QueryRow// res: query result// cacheKey: redis keyerr: = m.QueryRow (& res, cacheKey, func (conn sqlx.SqlConn, v interface {}) error {querySQL: = `select * from your_table where campus_id =? And student_id =? `return conn.QueryRow (v, querySQL, campusId, studentId)})

We will develop query business logic encapsulated in func (conn sqlx.SqlConn, v interface {}). Users do not need to worry about cached writes, they only need to pass in the cacheKey that needs to be written. At the same time, the query result res is returned.

So how is the cache operation encapsulated internally? Take a look inside the function:

Func (c cacheNode) QueryRow (v interface {}, key string, query func (conn sqlx.SqlConn, v interface {}) error) error {cacheVal: = func (v interface {}) error {return c.SetCache (key, v)} / / 1.cache hit-> return / / 2.cache miss-> err if err: = c.doGetCache (key, v) Err! = nil {/ / 2.1 err defalut val {*} if err = = errPlaceholder {return c.errNotFound} else if err! = c.errNotFound {return err} / / 2.2 cache miss-> query db / / 2.2.1 query db return err {NotFound}-> return err defalut val "see 2.1" if err = query (c.db, v); err = c.errNotFound {if err = c.setCacheWithNotFound (key) Err! = nil {logx.Error (err)} return c.errNotFound} else if err! = nil {c.stat.IncrementDbFails () return err} / / 2.3 query db success-> set val to cache if err = cacheVal (v); err! = nil {logx.Error (err) return err}} / / 1.1 cache hit-> IncrementHit c.stat.IncrementHit () return nil}

The process corresponds exactly to: Read Through in the caching strategy.

> Source code address: cachedsql.go

Exec

On the other hand, the write request uses Cache Aside-> from the previous cache strategy to write to the database before deleting the cache.

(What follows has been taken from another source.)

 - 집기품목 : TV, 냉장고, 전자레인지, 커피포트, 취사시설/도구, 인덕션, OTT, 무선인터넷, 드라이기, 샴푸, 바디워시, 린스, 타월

_, err: = m.Exec (func (conn sqlx.SqlConn) (result sql.Result, err error) {execSQL: = fmt.Sprintf ("update your_table set% s where 1: 1", m.table, AuthRows) return conn.Exec (execSQL, data.RangeId, data.AuthContentId)}, keys...) func (cc CachedConn) Exec (exec ExecFn, keys... string) (sql.Result, error) {res, err: = exec (cc.db) if err! = nil {return nil Err} if err: = cc.DelCache (keys...) Err! = nil {return nil, err} return res, nil}

Like QueryRow, the caller is only responsible for the business logic, and caching writes and deletes are transparent to the invocation.

> Source code address: cachedsql.go

Online caching

The first sentence at the beginning: it is a hooligan to break away from the business. All of the above is an analysis of the cache mode, but does the cache play an accelerated role in the actual business? The most intuitive is the cache hit rate, but how to observe the cache hit of the service? This involves surveillance.

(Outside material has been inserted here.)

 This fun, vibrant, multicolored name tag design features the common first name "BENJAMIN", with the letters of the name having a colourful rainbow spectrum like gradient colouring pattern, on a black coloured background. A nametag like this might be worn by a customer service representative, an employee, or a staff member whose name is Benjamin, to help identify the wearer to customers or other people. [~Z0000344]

The following figure shows the cache records of a service in our online environment:

Remember in QueryRow above: if the query cache is hit, c.stat.IncrementHit () will be called. Among them, stat is used as a monitoring indicator, constantly calculating the hit rate and failure rate.

> Source code address: cachestat.go

In other business scenarios, such as home page information browsing, a large number of requests are inevitable. So caching the information on the front page is particularly important in the user experience. But unlike some of the single key mentioned earlier, a large number of messages may be involved, and other cache types need to be added at this time:

Split cache: you can split the message id-> query the message by the message id, and insert the cache into the message list.

Message expiration: set the message expiration time so that it does not take up too long a cache.

Here are the best practices involving caching:

It is "particularly important" not to allow non-expired caches

Distributed cache, easy to scale

Automatic generation, with its own statistics

On how to analyze the cache principle and micro-service cache automatic management is shared here, I hope the above content can be of some help to you, can learn more knowledge. If you think the article is good, you can share it for more people to see.

Welcome to subscribe "Shulou Technology Information " to get latest news, interesting things and hot topics in the IT industry, and controls the hottest and latest Internet news, technology news and IT industry trends.

*The comments in the above article only represent the author's personal views and do not represent the views and positions of this website. If you have more insights, please feel free to contribute and share.